FPSLabs : Shoes Explains Hard Drives

Thomas “shoes” Gribble takes the time to show us how hard drives work and what we should look for when selecting one for our systems.

One of the most crucial parts of any computer is often overlooked by gaming enthusiasts and the sort when choosing parts for their computer. I could not possibly count the number of times that I have seen people asking for opinions of their soon-to-be setups with cutting edge processors, high speed RAM, and video cards that cost more than my whole computer, while it seems like they buy a hard drive with what is left over of their bank account. Your hard drive, like the three other aforementioned components, plays a very large role in the performance of your computer.

In order to understand what makes a good hard drive, it would make sense that we need to understand how one actually works. To do this, I will explain each part of the hard drive and how they interact with each other.

Spindle: The spindle of a hard drive is essentially the axle on which the platters spin. Because every platter is fixed to the spindle, all platters rotate at the same, constant speed.

Platter: Every hard drive has at least one platter, most of them have more than one. A platter is much like the thin, glossy tape that you can find inside of a floppy disk. The difference is is that the platter is rigid and spins at much greater speeds than a floppy disk. Platters are manufactured to incredibly precise tolerances in order to avoid the possibility of them breaking themselves apart due to vibration under high RPMs. They have a very crisp mirror-like finish which is optimal for the read/write heads to retrieve and store information on. Each platter is double sided as well, and as such, there is a read/write head positioned for each side of each platter.

Read/Write heads: These electromagnetic tips are positioned at the end of boom arms that are also connected to their own spindle, and because of this, they all move in unison rather than independently. Read/Write heads do not touch the platters, instead they float on a cushion of air that is created on the surface of the platter by its rotation. As the surface of the platter passes underneath, the heads read or write magnetic patterns off or on to the disk. The patterns they create can also be removed and rewritten at any time.

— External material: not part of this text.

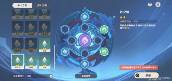 负重100,对于反应c提升相当巨大,迪卢克,胡桃,香菱,重云,公子带队均可选择该增益~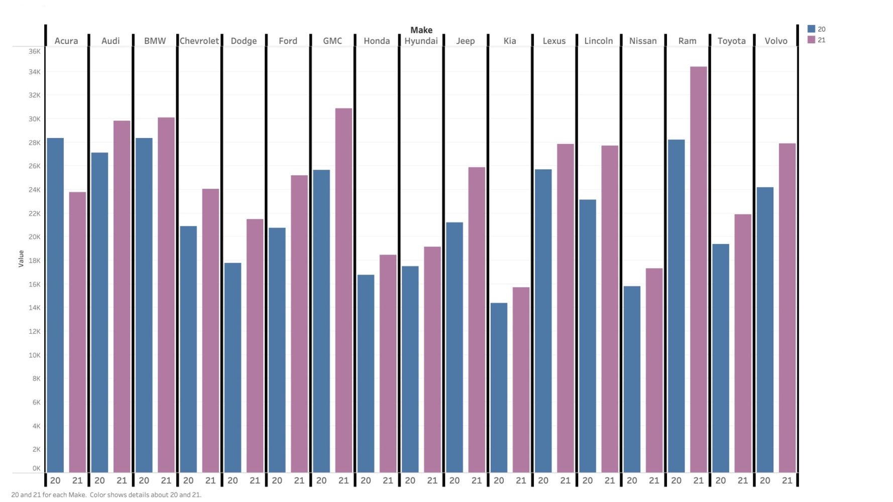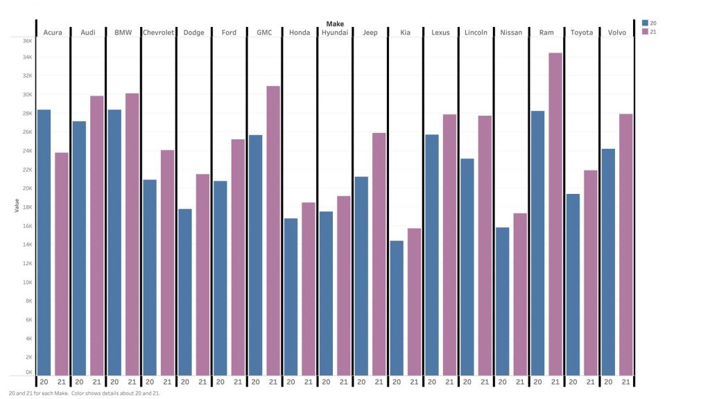 The table below shows average listing prices for used cars across 17 makes. AutoTempest observed listing prices for both 2020 and 2021 year-to-date, so both reflect information as of April. All but one make – Acura – saw increases. On average, pricing increased 13 percent from 2020 to 2021.

Cache Buffer: The amount of cache a hard drive has can have a vast affect on its overall performance. Cache is basically just a dedicated bit of Random Access Memory that allows you to retrieve and write commonly accessed files at electronic speeds. For a quick and easy demonstration of what cache does, we can utilize our internet browsers. All internet browsers have a cache of varying size which you can control. First, reload this page. Depending on your internet connection and the current load on GotFrag, it probably loaded up pretty fast. Then, go to your internet options and find the button for clearing the cache, and do so. Now, reload the page again. You will notice that it takes significantly longer (again, depending on your internet connection). This is because the cache does not have this information temporarily stored so that it can access it at electronic speeds, and instead has to download all the content (text/images/etc) through the internet connection again, which is a slower process. The same is true in hard drives. When you commonly access a file or application, it will be able to load MUCH faster than it would if you were to have to mechanically retrieve it via the read/write heads. Cache also serves as the “buffer” between the motherboard and the platters. All information, whether on its way in or on its way out, goes through the cache buffer.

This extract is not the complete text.